Tickets are now available for The Staves at Rescue Rooms!
All Now emerges, bold and bright, from a period of chaos, followed by a period of enforced quiet, for the band. The Staves’ released their third album Good Woman in February 2021, an album of love and loss, written during a disconcerting period of turmoil and pain. “There was a delayed reaction to trauma and these big changes out of your control,” says Jess of the period that came after Good Woman, as the band – like the rest of us – were forced to sit with their thoughts, but also still processing the death of their mother and other seismic changes: Emily taking a backseat on this album (while still contributing vocals on a handful of tracks) to focus on motherhood, while Camilla reckoned with her own mental and physical health issues – chronic pain and a series of operations due to Endometriosis began to take an increasing toll.

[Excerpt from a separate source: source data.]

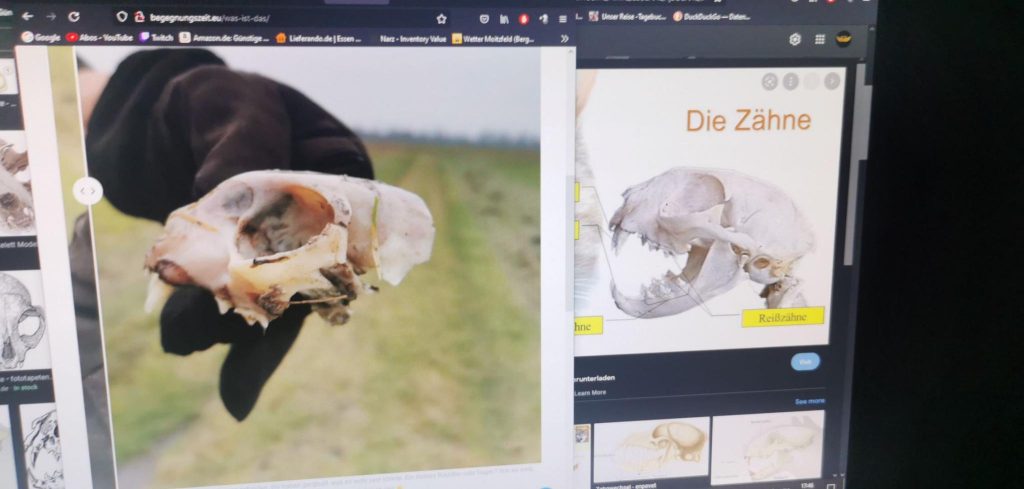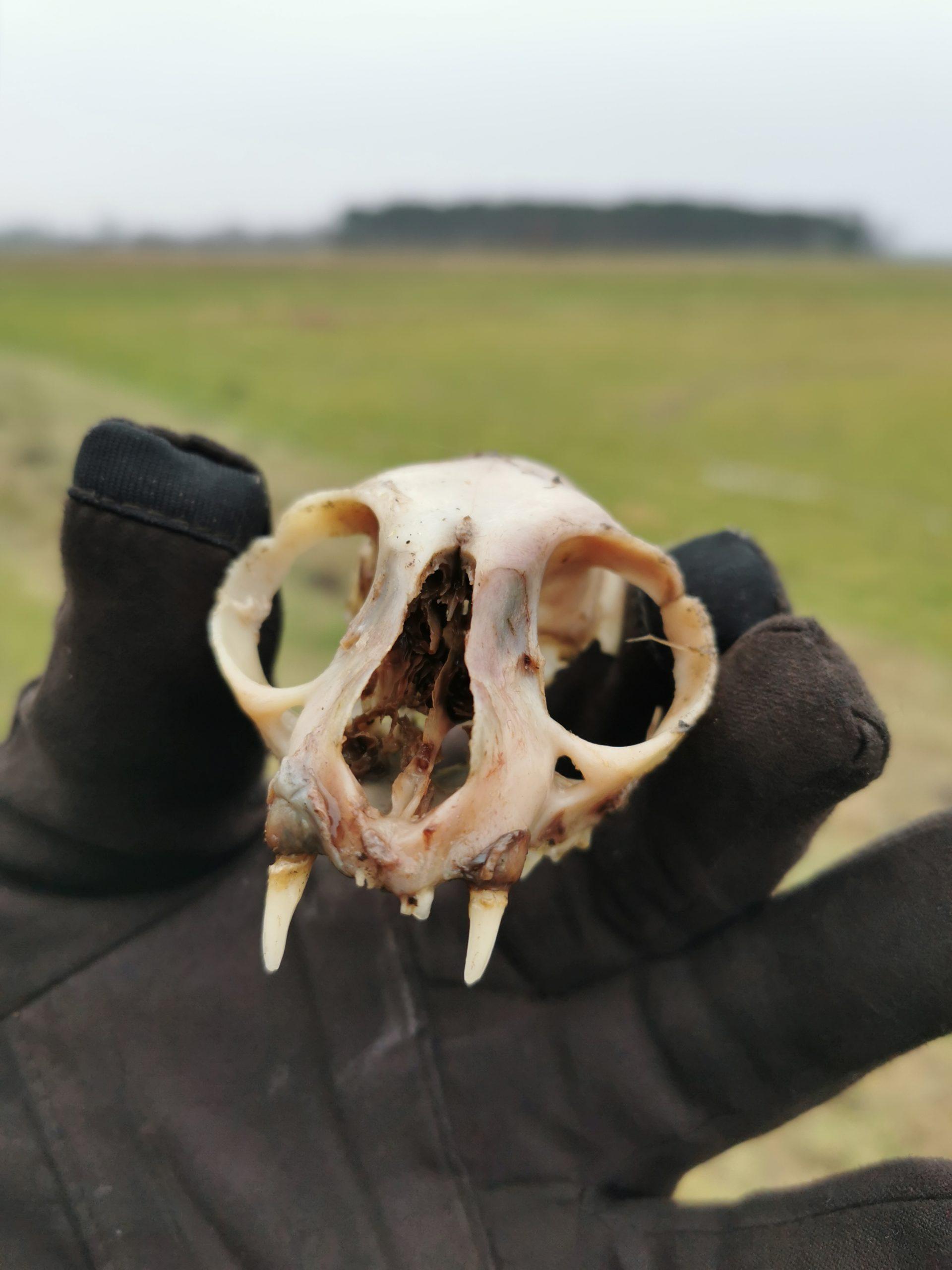 Diesen Kopf haben wir bei einer Wanderung gefunden. Wir haben gerätselt, was es wohl sein könnte. Ein kleines Raubtier oder Nager? Wer es weiß, kann uns gerne eine SMS schicken. Wir freuen uns ? Nachtrag vom 15.12.21 Sabri meint, es könnte eine Katze sein. Links unser Bild. Rechts das Bild eines Katzen Skelettes.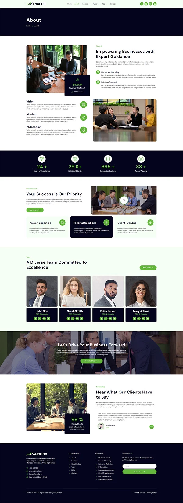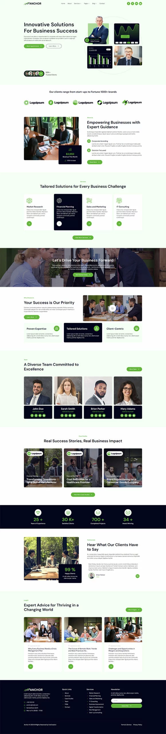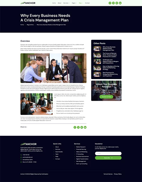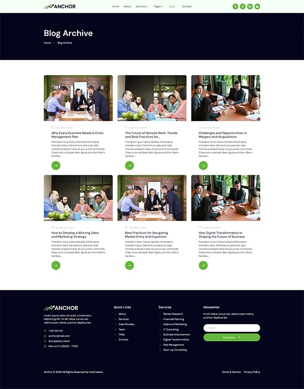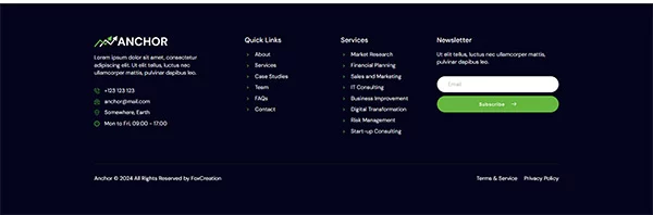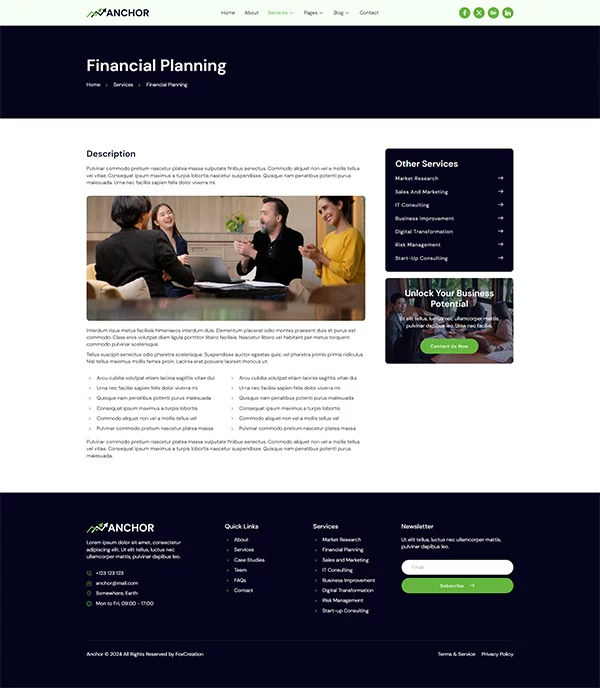 کیت قالب المنتور مشاوره کسب و کار Anchor با طراحی حرفهای و مدرن خود، فضای زیبایی برای معرفی کسبوکار شما فراهم میکند و اعتماد کاربران را جلب میکند. طراحی تمیز و سبک، تجربهای آرامشبخش و حرفهای را به مخاطبان ارائه میدهد.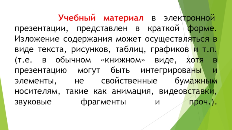 Слайд 23 Учебный материал в электронной презентации, представлен в краткой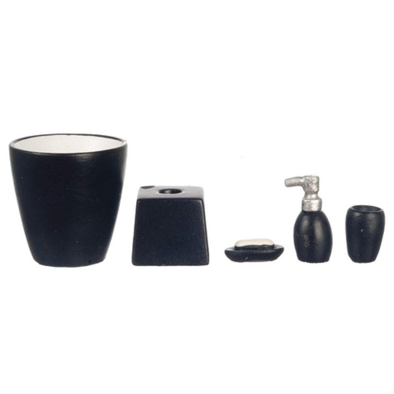 Houseworks, Ltd. Dolls House Miniature Modern Black Bathroom Accessory Set Bin Soap Tumbler 5 Pc
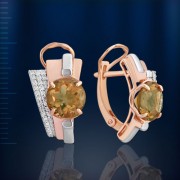 Серьги из серебра 925° (позолота), украшенные 2-мя султанитами ¢ 8,0 мм, фианитами ¢ 1,0 мм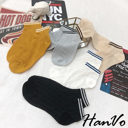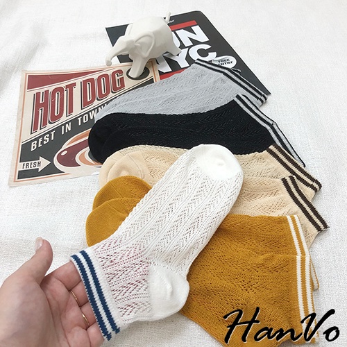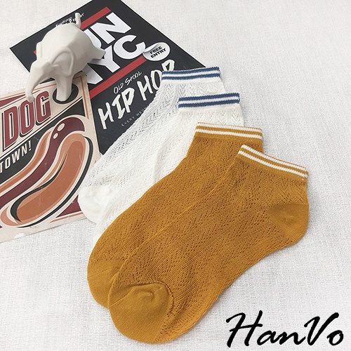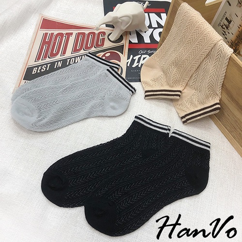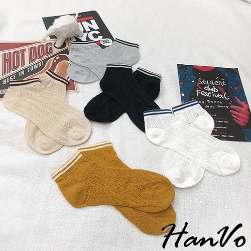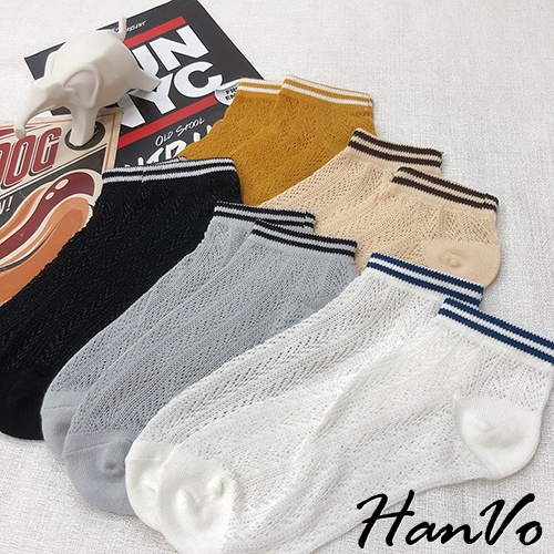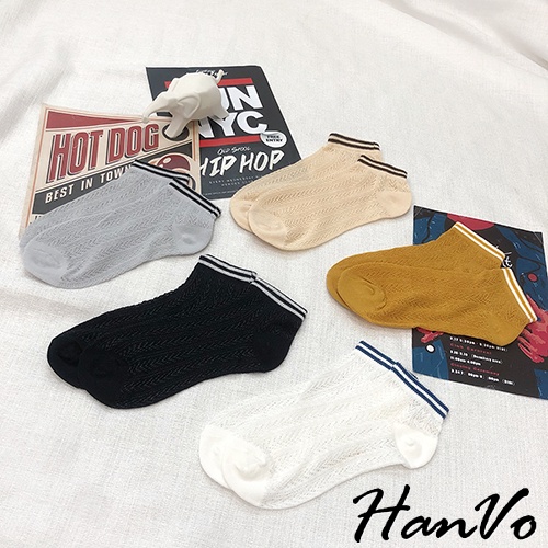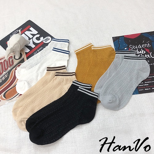 【HanVo】春天鏤空織紋線條短襪 韓系簡約百搭舒適鏤空短襪 韓國潮流時尚休閒襪 女生配件 A12-6125黑色|白色|雲灰|姜黃|米杏SocksHanVo Wear Collection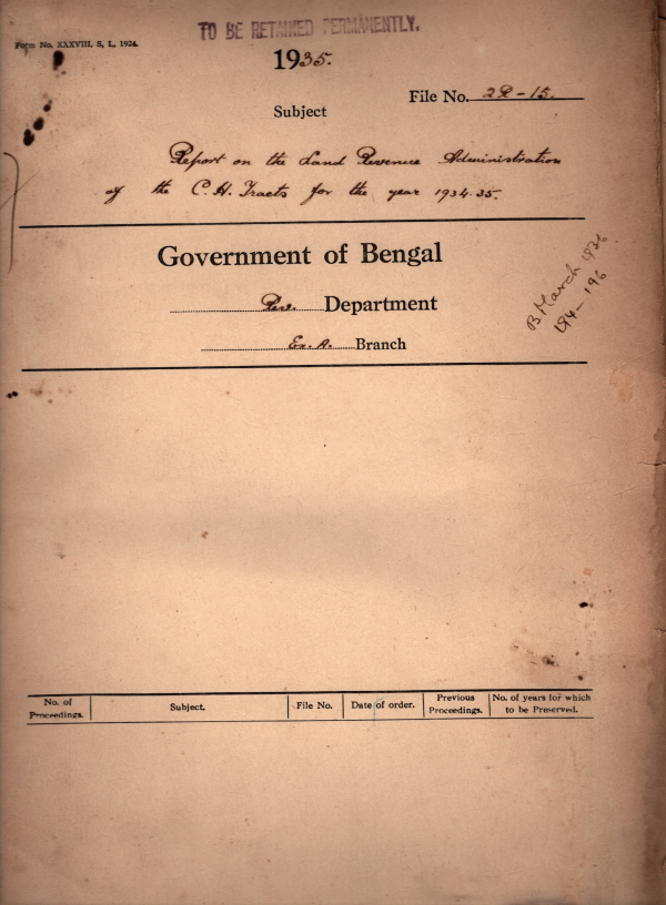 | Rack No. 39, Bundle No. 06, SI No. 348 Reporting of discusses on frontier of Nepal and British India. | Rack No. 39, Bundle No. 06, SI No. 349 Financing the reformed constitution. | Rack No. 39, Bundle No. 06, SI No. 350 Health Committee of District Board, Bengal. | Rack No. 39, Bundle No. 06, SI No. 351 Report on the land Revenue Administration of the C.H. Tracts for the year 1934-35. | Rack No. 39, Bundle No. 06, SI No. 352 His Excellency's Reply to the Address presented at Rangamati on 20th November 1935. | Rack No. 39, Bundle No. 06, SI No. 353 Rejecting a petition from one Manchafroo Mogh of Rajbila, Police Station Banderban, Chittagong Hill Tracts praying for the restoration of his lands resumed under orders of the Deputy Commissioner of the said Tracts owing to the petitioner's default in payment of rent. | Rack No. 39, Bundle No. 06, SI No. 354 Improvements to the residence of the Civil Surgeon at Rangamati. |

Struggling after two years of deep solitude and pain following the release of Good Woman, The Staves did what they know how to do best and got back to writing. The idea was to go against most of what they’d been doing for the last few years by going back to basics and focusing almost solely on each other and their guitars as a starting point.
It began with Jess, navigating this new landscape by harnessing her creativity on her own at first in the studio in Hackney at the end of 2022, slowly luring Camilla back to the next chapter of The Staves, before reaching out to super-producer John Congleton (Sharon Van Etten, Angel Olsen), who the band had worked with on Good Woman.
The result? An album as rich and honest as all the most profound music by The Staves scattered across albums for the last decade, calcified here into something special.